Deputi Pengembangan Wisata Budaya Kementerian Pariwisata, Oneng Setya Harin di acara Pariwisata Goes to Campus STIE AUB Solo, Jumat (7/9 - 2018). (Istimewa)
12 September 2018 16:40 WIB Ginanjar Saputra Solo Share :

Solopos.com, SOLO — Kementrian Pariwisata (Kemenpar) bersama Komisi X DPR menggelar acara bertajuk Pariwisata Goes to Campus di kampus Sekolah Tinggi Ilmu Ekonomi (STIE) Adi Unggu Bhirawa (AUB), Nusukan, Banjarsari, Solo, Jawa Tengah (Jateng), Jumat (7/9/2018). Pada acara tersebut, Ketua STIE AUB Solo, Agus Sutomo, mengatakan STIE AUB Solo akan mendukung program dari Kemenpar untuk mengembangkan sektor pariwisata.

"Kami mengapresiasi acara ini. Kami berharap dari perguruan tinggi ke depan akan banyak berkontribusi dalam sektor pariwisata," ujarnya seperti dikutip pada siaran pers yang diterima Solopos.com, Rabu (12/9/2018).

Acara di salah satu kampus di Solo itu juga menghadirkan Deputi Pengembangan Wisata Budaya Kementerian Pariwisata, Oneng Setya Harin. Di acara Pariwisata Goes to Campus, Oneng menegaskan mahasiswa memiliki peran strategis dalam mempromosikan destinasi wisata di daerah.

Deputi Pengembangan Wisata Budaya Kementerian Pariwisata, Oneng Setya Harin di acara Pariwisata Goes to Campus STIE AUB Solo, Jumat (7/9/2018). (Istimewa)

Menurutnya, generasi muda bisa memanfaatkan teknologi digital untuk mempromosikan pariwisata. Sekarang ini, lanjutnya, pariwisata sudah menjadi salah satu prioritas pembangunan nasional.

Oneng membeberkan pengembangan pariwisata membutuhkan dukungan semua pihak, baik dari kalangan pemerintah, akademisi, pelaku bisnis, masyarakat, maupun media. Sebagai generasi muda, mahasiswa memiliki peran yang sangat strategis dalam mempromosikan destinasi wisata di daerah, terlebih pada era digital.

"Mahasiswa sebagai generasi muda tentu sudah sangat akrab dengan dunia digital. Mereka bisa memanfaatkan media sosial masing-masing untuk menjadi penyuluh potensi wisata di daerahnya," katanya di hadapan peserta acara Pariwisata Goes to Campus.
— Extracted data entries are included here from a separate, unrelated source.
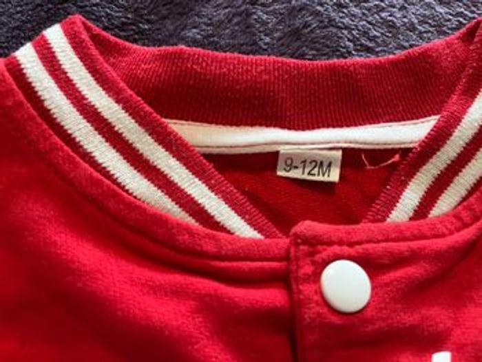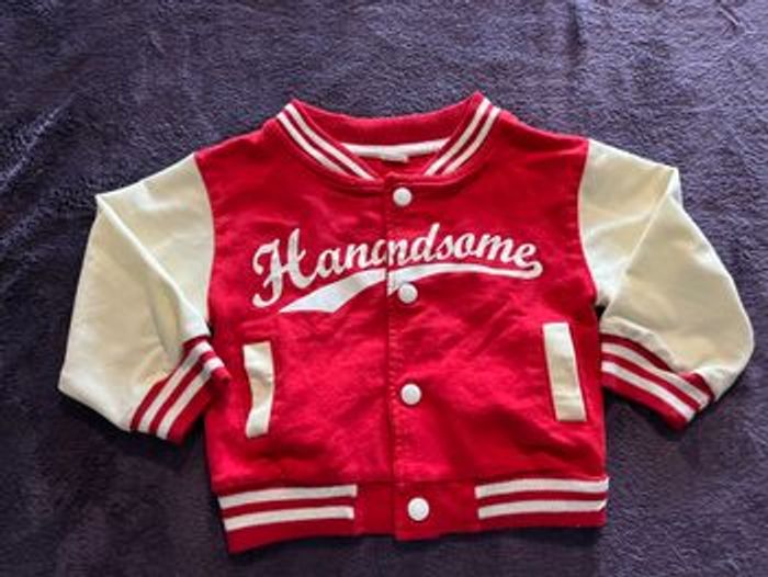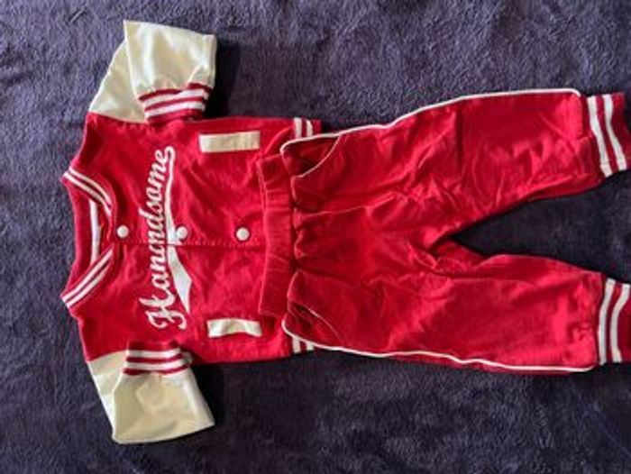 Adorable ensemble bébé garçon, taille 9-12 mois, composé d’une veste style teddy et d’un pantalon assorti. 🔴 Veste rouge à manches blanches, boutons pression, col et poignets rayés, imprimé "Handsome" en blanc. 🔴 Pantalon rouge avec bandes blanches sur les côtés et bas rayés assortis. 💯 Confortable et stylé. Idéal pour un look craquant au quotidien ou pour une occasion spéciale. Etat moyen. #ensemblejoggingbebegarcon912mois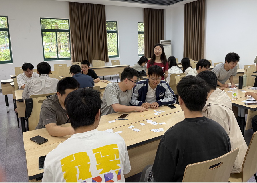 通过书写与分享,同学们围绕自身核心优势展开讨论,分析这些优势在科研、生活及团队协作中的具体体现。通过联想力学中的“平衡”概念,提出“优势如同结构中的关键节点,既支撑个人成长,又需与他人的特质互补”。通过反馈,每位同学重新校准了对自身特质的认知,在互动中实现了“自我视角”与“团队视角”的融合。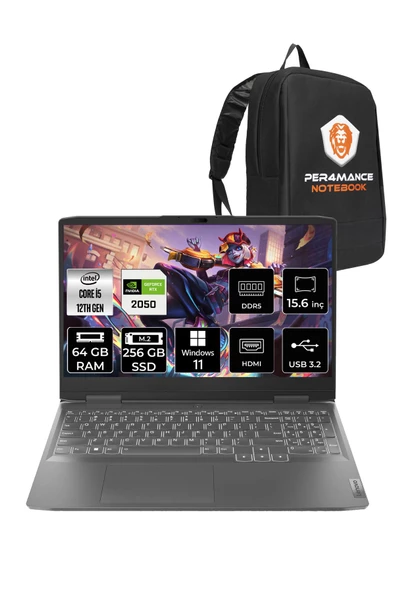 LENOVO LOQ i5-12450HX 64GB 256GB SSD RTX2050/4GB 15.6" FHD 144Hz W11P 82XV010FTR & PER4 ÇANTA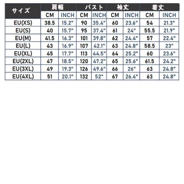 | サイズ | XS S M L XL 2XL 3XL 4XL |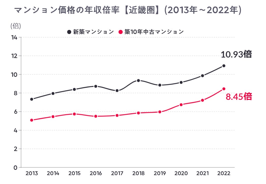 近年の建築労務費・建築資材の原価高騰などを受けて新築分譲マンションの供給減少や価格高騰が続く中、新築・中古マンション購入の年収倍率は首都圏で11~12倍、近畿圏でも8~10倍と10年前と比べて+3~5ポイント高くなり、生活者にとってより高い買い物になってきています。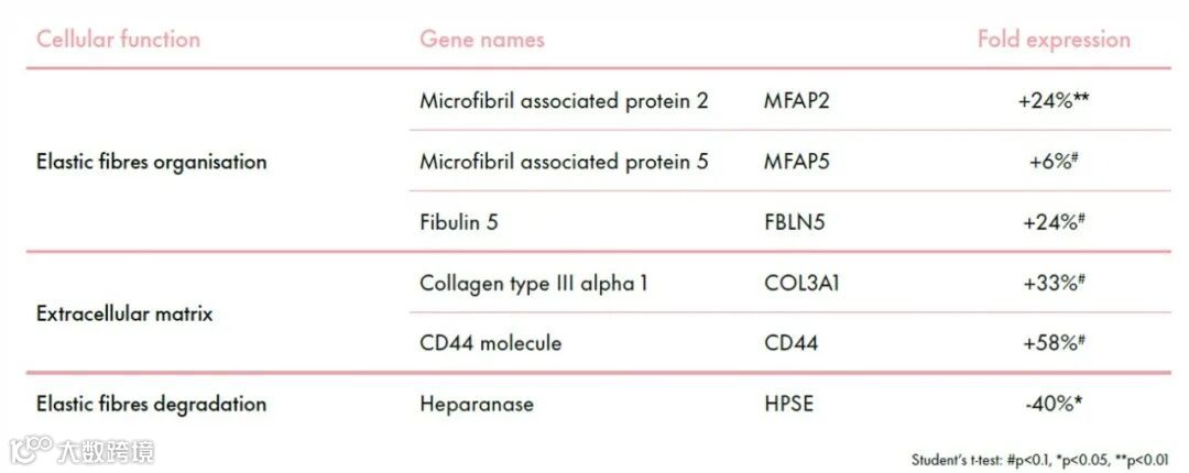 来自星芒杉藻提取物的特定馏分能够重新启动皮肤细胞外基质中关键生物标志物的产生,例如: •I型胶原蛋白 •II型胶原蛋白 •III型胶原蛋白 •Fibulin-5▼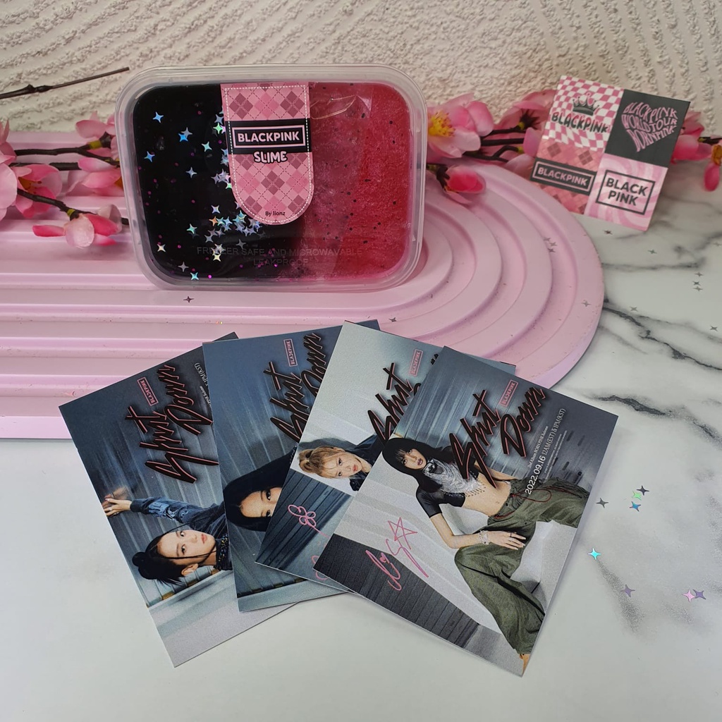 ✔Clicky ✔Holdable ✔Fun to play ✔Smells Good (aroma premium) ✔ Terdapat pemisah plastik di tengah slime agar tidak tercampur ✔ free set foto card Blackpink dan stiker Blackpink

Oneng menjelaskan sadar wisata bukan hanya mempromosikan potensi yang ada, namun juga termasuk merawat dan mengembangkannya. "Intinya harus bisa menjadi tuan rumah yang baik," kata dia.

Peserta acara Pariwisata Goes to Campus STIE AUB Solo, Jumat (7/9/2018). (Istimewa)

Melalui peran aktif semua kalangan tersebut, Oneng optimistis target kunjungan 20 juta wisatawan mancanegara (wisman) pada 2019 bisa tercapai.

Sementara itu, anggota Komisi X DPR, Rinto Subekti, mengatakan banyaknya masyarakat Indonesia, termasuk mahasiswa, yang memanfaatkan media sosial bisa menjadi jembatan informasi antara wisatawan dan objek wisata di Indonesia. "Kami berharap potensi mahasiswa yang saat ini peduli media sosial bisa menjadi jembatan informasi wisman maupun domestik agar mendapatkan gambaran mengenai potensi wisata di Indonesia," katanya.

Melalui gerakan sadar wisata, lanjut Rinto, potensi wisata yang ada di daerah bisa diketahui oleh wisatawan luar maupun dalam negeri. Dengan begitu, jumlah kunjungan wisatawan akan meningkat. "Dampaknya tentu hotel terisi, kuliner terangkat, orang yang datang tentu butuh oleh-oleh dan akhirnya bisa mengkatkan devisa," terang dia.

Selama ini, STIE AUB Solo memang selalu melibatkan warga kampus untuk berperan aktif dalam berbagai kegiatan yang mendukung kepariwisataan. Hal itu diwujudkan melalui kegiatan penelitian hingga pengembangan kampus alam di wilayah Kabupaten Karanganyar. Lokasi tersebut rencananya akan dikembangkan menjadi destinasi wisata.